Ce même rapport fait état de la volonté du Conseil de Tronsanges de faire don au chemin de fer du terrain nécessaire à la gare.
Puis sont jointes :
  • Une lettre de Monsieur Leblanc, faîencier à Nevers qui fait état de la très bonne qualité de la terre de Tronsanges pour les faîences, de l'avantage que se faire livrer la terre de Tronsanges présenterait pour les faîenceries de Nevers face à celle de Fleury sur Loire qu'ils utilisent livrée par le canal. En effet  cette gare à Tronsanges réduirait énormément les coûts et les délais de livraison en terre à faîence.
  • Une lettre commune à 6 marchands de bois exploitant le massif des Bertranges attestant des intérête pour leurs exploitation forestières, à pouvoir expédier à partir de Tronsanges.
  • Une lettre de plusieurs agriculeurs, entrepreneurs  faisant état de leurs matériaux et céréales pouvant transiter avantageusement par Tronsanges.
  • Le 25 mai 1873 le Conseil décide d'acheter un terrain pour la construction d'une gare, d'un montant de 6000 francs.
  • Le 13 novembre 1873, nouveau débat sur le bien fondé d'une gare à Tronsanges, avec  l'installation d'un bac sur la Loire permettant de faire traverser des matériaux entre Beffes, Argenvières, Saint Léger le Petit.
  • le 16 novembre 1879, demande réitérée auprès du PLM pour une gare à Tronsanges, le dossier ayant été suspendu en raison de la guerre de 1870.
  • Le 17 septembre 1889, relance de la demande de gare pour Tronsanges.
  • Le 18 novembre 1894, projet de  halte passagers de Tronsanges mis en délibéré en raison d'un désaccord sur le nombre de trains qui devaient s'arrêter. a partir de cette date, il n'est plus question de gare matériaux, mais seulement de halte pour passagers et leurs bagages légers.
  • Le 16 février 1896, relance du projet de halte à Tronsanges.
  • Le 29 novembre 1900, le Conseil enregistre l'accord du P.L.M. pour la mise en place de la halte, et vote à l'unanimité son installation pour un coût estimé à 8100 francs. La halte de Tronsanges sera desservie par les trains  n° 812, 936, 824, et 942 pour le sens pair, et les trains n° 817, 819, 953, et 823 pour le sens impair. L'accord entre la Commune, le P.L.M. et l'Etat, précise en outre qu'il devra exister un trottoir enherbé de 125 m de long, et 2.5 m de largeur, ainsi qu'une guérite avec guichet pour les billets, en raison de la circulation importante sur cette ligne, la halte devra être équipée de signalisation de sécurité. La commune devra livrer à la compagnie P.L.M. les terrains nécessaires à la création de cette halte.
  • Le 3 septembre 1902, le Ministre des Travaux signifie à la Commune de Tronsanges qu'il approuve les modalités pour  la création de la halte de Tronsanges, mais avec obligation  que cette gare soit desservie par 14 trains par jour au minimum. La commune décide d'un emprunt de 8000 francs au près du Crédit foncier à un intérêt de 3.85 % pour financer la halte. Les 100 Francs restant seront recueillis par une souscription publique.
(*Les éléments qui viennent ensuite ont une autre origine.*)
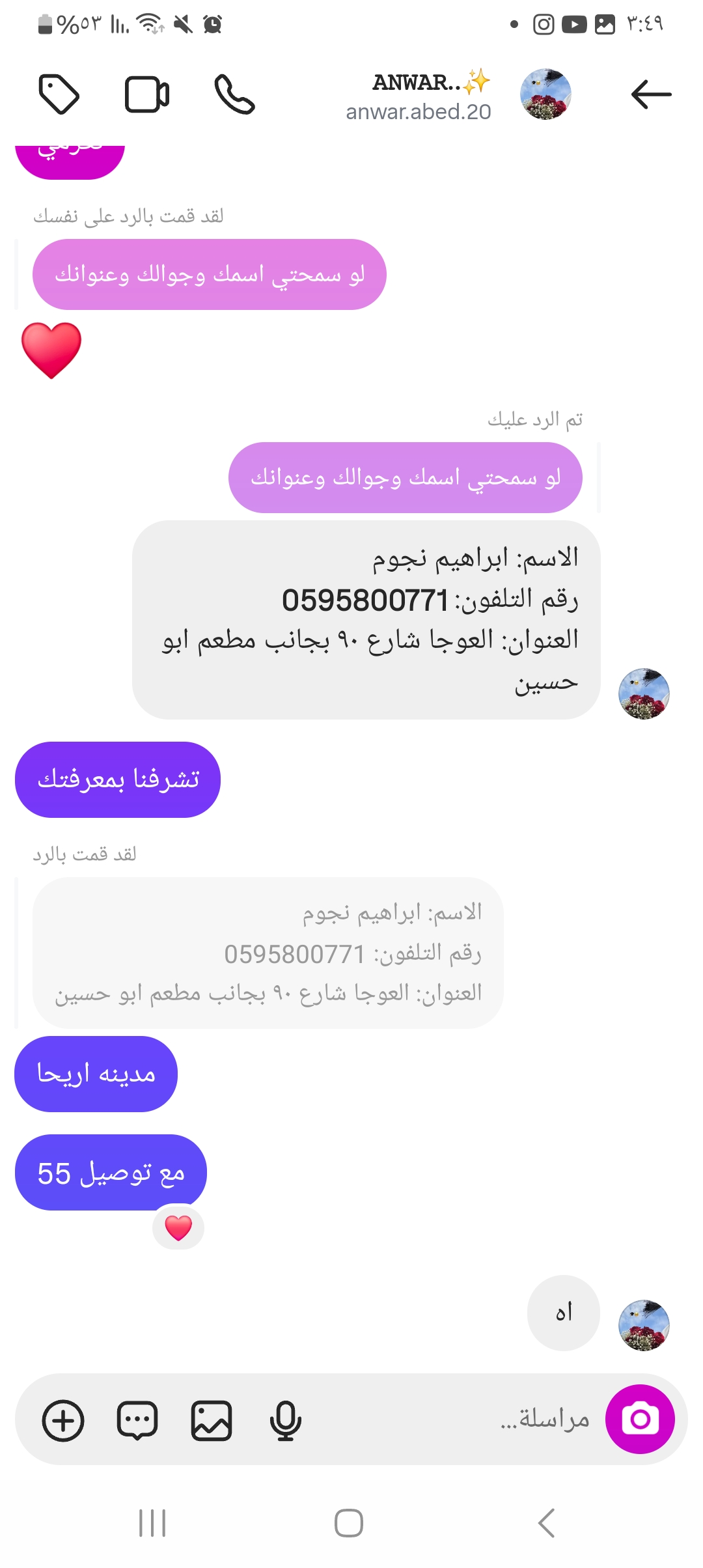 | السعر المبيوع | 55 شيكل |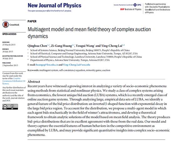 陈清华副教授、王有贵教授和亚利桑那州立大学来颖诚教授、兰州大学黄子罡教授合作研究的“Multiagent model and mean field theory of complex auction dynamics”已被《New Journal of Physics》接受并于9月2日刊出。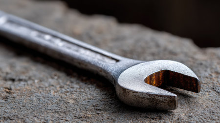 AI Generated. Close up of a rustic metal wrench on dark surface

Cette souscription publique a recueilli la somme de 1259.87 francs qui ont été versés à la Perception
Ci dessous récépissé de versement de ladite somme.
recepisse
  • Le 21 aout 1904, le PLM fournit au Conseil un plan de la halte, le Conseil l'approuve, et donne son accord pour le début des travaux.
  • Le 19 février 1905 le Conseil fixe au 22 mai 1905 la "fête de la halte", avec concert donné par les "Trompettes de Pougues".
  • Le 30 août 1912,le Conseil, en raison du flux circulant par la halte de Tronsanges, le Conseil envisage  la création d'un bureau de poste à Tronsanges, à proximité de la halte.
  • le 22 février 1914, le Conseil municipal  décide de fixer la fête de la halte au 15 mars de chaque année.
  • Le 10 août 1924, le Conseil donne un avis favorable à la construction d'un local pour entreposer les bagages et les cycles.